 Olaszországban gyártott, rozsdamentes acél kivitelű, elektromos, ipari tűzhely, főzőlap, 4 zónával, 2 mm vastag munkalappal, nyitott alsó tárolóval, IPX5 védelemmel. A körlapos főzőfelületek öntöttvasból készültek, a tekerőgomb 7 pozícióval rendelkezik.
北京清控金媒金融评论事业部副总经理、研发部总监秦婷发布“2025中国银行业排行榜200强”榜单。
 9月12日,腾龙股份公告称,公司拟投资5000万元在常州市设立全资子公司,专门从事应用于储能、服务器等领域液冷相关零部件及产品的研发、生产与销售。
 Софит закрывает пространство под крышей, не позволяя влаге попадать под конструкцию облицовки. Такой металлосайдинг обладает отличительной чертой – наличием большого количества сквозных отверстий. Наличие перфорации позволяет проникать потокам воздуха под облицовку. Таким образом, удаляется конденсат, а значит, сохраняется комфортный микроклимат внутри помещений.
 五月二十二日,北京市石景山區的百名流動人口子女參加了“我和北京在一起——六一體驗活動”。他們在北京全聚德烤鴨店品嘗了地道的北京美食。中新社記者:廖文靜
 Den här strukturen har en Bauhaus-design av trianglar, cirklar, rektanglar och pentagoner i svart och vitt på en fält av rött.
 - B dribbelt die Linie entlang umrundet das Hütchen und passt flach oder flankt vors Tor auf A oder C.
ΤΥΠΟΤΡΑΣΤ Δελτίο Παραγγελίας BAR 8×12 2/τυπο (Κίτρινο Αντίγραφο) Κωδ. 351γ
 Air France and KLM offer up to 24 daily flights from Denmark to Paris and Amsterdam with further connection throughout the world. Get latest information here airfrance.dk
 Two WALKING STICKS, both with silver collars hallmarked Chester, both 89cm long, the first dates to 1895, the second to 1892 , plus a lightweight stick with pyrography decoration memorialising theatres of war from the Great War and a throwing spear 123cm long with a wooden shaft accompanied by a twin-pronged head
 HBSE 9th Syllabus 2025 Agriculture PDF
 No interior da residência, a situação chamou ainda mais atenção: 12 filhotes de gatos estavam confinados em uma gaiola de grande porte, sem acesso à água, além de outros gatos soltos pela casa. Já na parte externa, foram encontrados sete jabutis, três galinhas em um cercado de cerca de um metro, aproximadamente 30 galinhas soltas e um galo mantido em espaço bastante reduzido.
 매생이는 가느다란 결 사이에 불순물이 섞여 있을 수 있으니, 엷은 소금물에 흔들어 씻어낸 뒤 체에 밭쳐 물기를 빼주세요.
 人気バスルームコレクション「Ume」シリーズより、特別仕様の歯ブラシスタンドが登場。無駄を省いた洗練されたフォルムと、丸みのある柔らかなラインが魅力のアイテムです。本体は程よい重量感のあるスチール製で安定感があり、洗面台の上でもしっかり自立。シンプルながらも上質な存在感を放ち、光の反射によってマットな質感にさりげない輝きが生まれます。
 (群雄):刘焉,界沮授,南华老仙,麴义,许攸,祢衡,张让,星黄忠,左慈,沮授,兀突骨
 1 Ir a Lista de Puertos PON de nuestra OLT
* * * * *
■ Task brief ■
Reproduce verbatim only the segment of the listing bounded by the line containing "Софит закрывает пространство" and the line containing "ΤΥΠΟΤΡΑΣΤ Δελτίο Παραγγελίας", with both boundary lines included.

■ Task solution ■
 Софит закрывает пространство под крышей, не позволяя влаге попадать под конструкцию облицовки. Такой металлосайдинг обладает отличительной чертой – наличием большого количества сквозных отверстий. Наличие перфорации позволяет проникать потокам воздуха под облицовку. Таким образом, удаляется конденсат, а значит, сохраняется комфортный микроклимат внутри помещений.
 五月二十二日,北京市石景山區的百名流動人口子女參加了“我和北京在一起——六一體驗活動”。他們在北京全聚德烤鴨店品嘗了地道的北京美食。中新社記者:廖文靜
 Den här strukturen har en Bauhaus-design av trianglar, cirklar, rektanglar och pentagoner i svart och vitt på en fält av rött.
 - B dribbelt die Linie entlang umrundet das Hütchen und passt flach oder flankt vors Tor auf A oder C.
ΤΥΠΟΤΡΑΣΤ Δελτίο Παραγγελίας BAR 8×12 2/τυπο (Κίτρινο Αντίγραφο) Κωδ. 351γ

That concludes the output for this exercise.